In February, the National Association for the Advancement of Colored People and a coalition of groups representing Latinos, Asian Americans, and Native Americans signed "historic" agreements with the networks that were designed to increase jobs for minorities in front of and behind the cameras.

On Tuesday, at a packed news conference at the American Federation of Television & Radio Artists' offices in Los Angeles, representatives of the coalition issued reports that showed that blacks are doing considerably better in Hollywood than their Latino, Asian American, and Native American counterparts.

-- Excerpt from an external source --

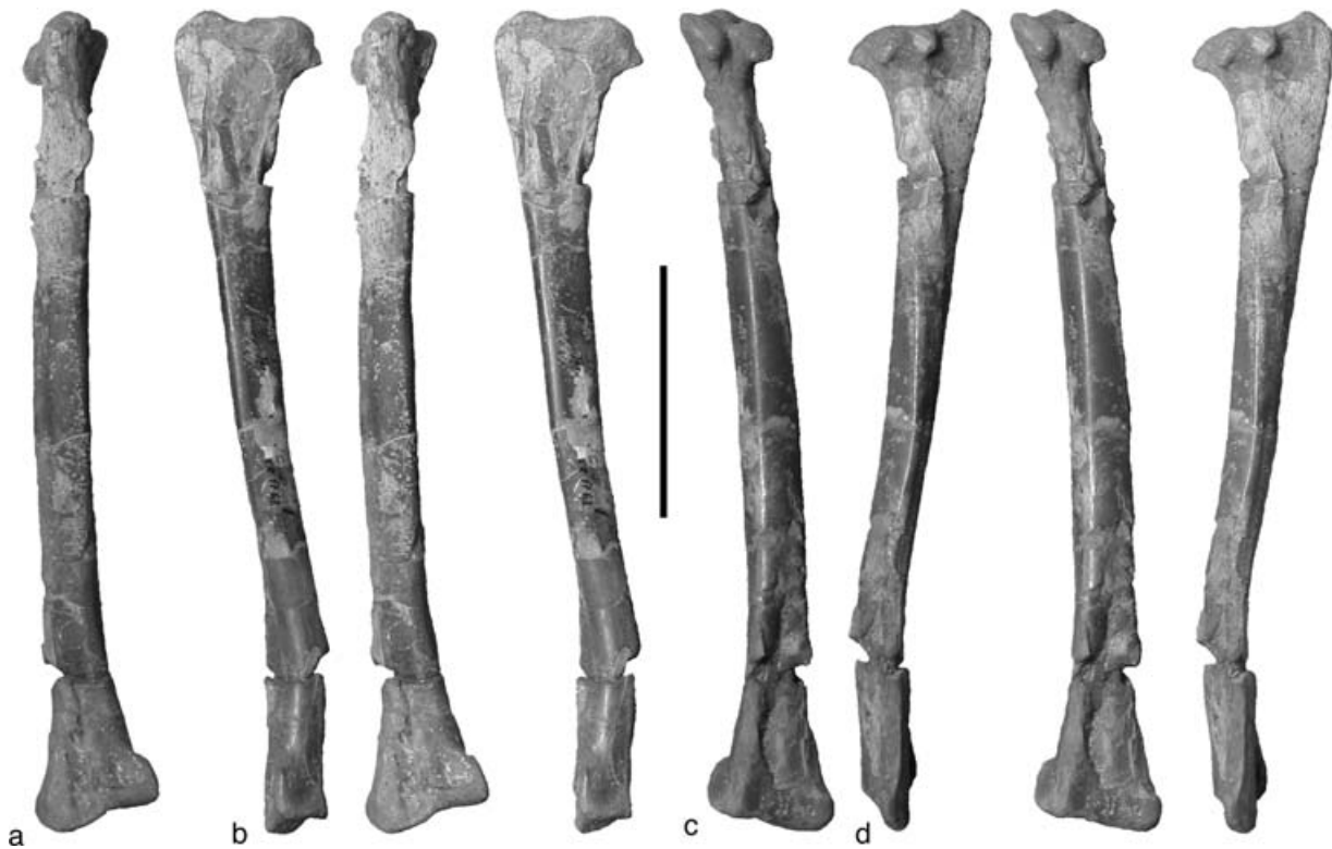
Figure 2. Isolated right tibia of a basal tetanuran theropod from the Late Jurassic of Tendaguru, Tanzania (MB.R.1763; 'Coelurosaurier A' of Janensch, 1925). (a) Anterior view (stereopair). (b) Medial view (stereopair). (c) Posterior view (stereopair). (d) Lateral view (stereopair). Scale bar is 50 mm.
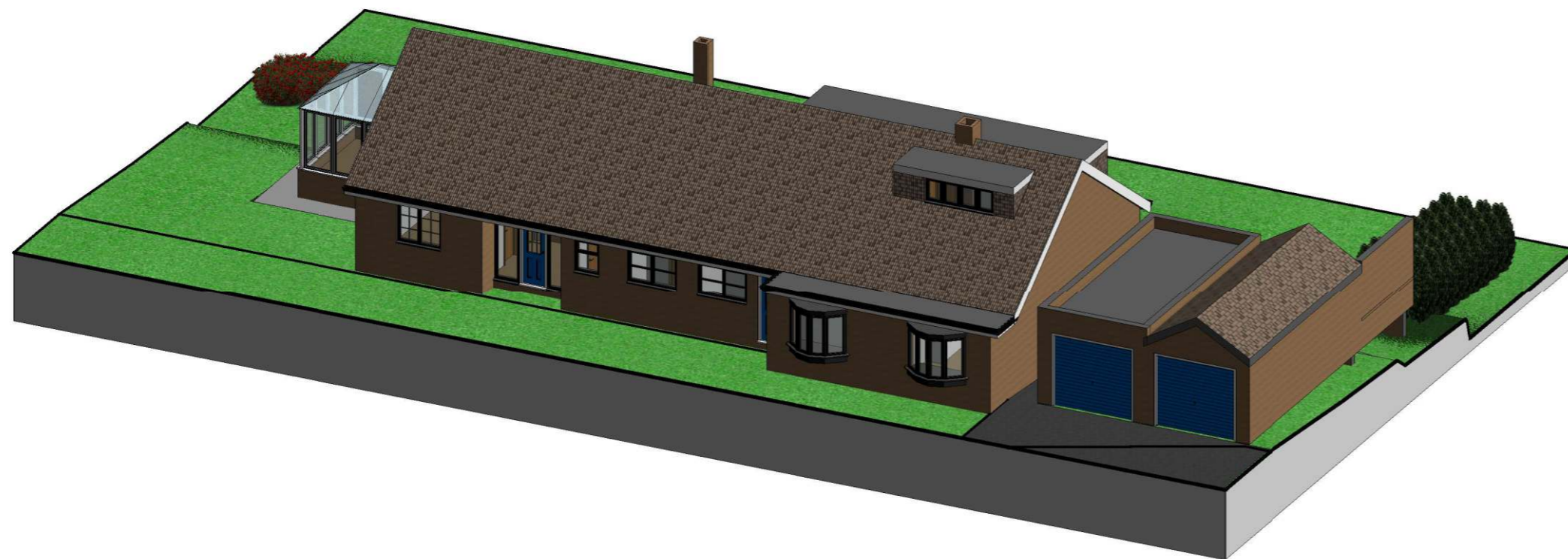
Front 3D View

"Our assessment of this fall season's shows is essentially that some progress was made, but we still have a long, long way to go," NAACP official Debbie Liu said. "It is our understanding that particularly African- Americans in the television industry have enjoyed better access to on-air opportunities and to production, writing, and directing positions. We have also seen some beginning plans to establish long-term pipelines for people of color on the executive side. But this by no means means that the playing field has been leveled."

At NBC, she said, "the number of on-air African-Americans increased by 14%. The number of behind-the-camera talent in the writing and producing positions increased from 6 to 16."

At CBS, she said, "the network added five African-Americans in directing positions and six African-Americans in staff writing positions" during the 2000-01 season.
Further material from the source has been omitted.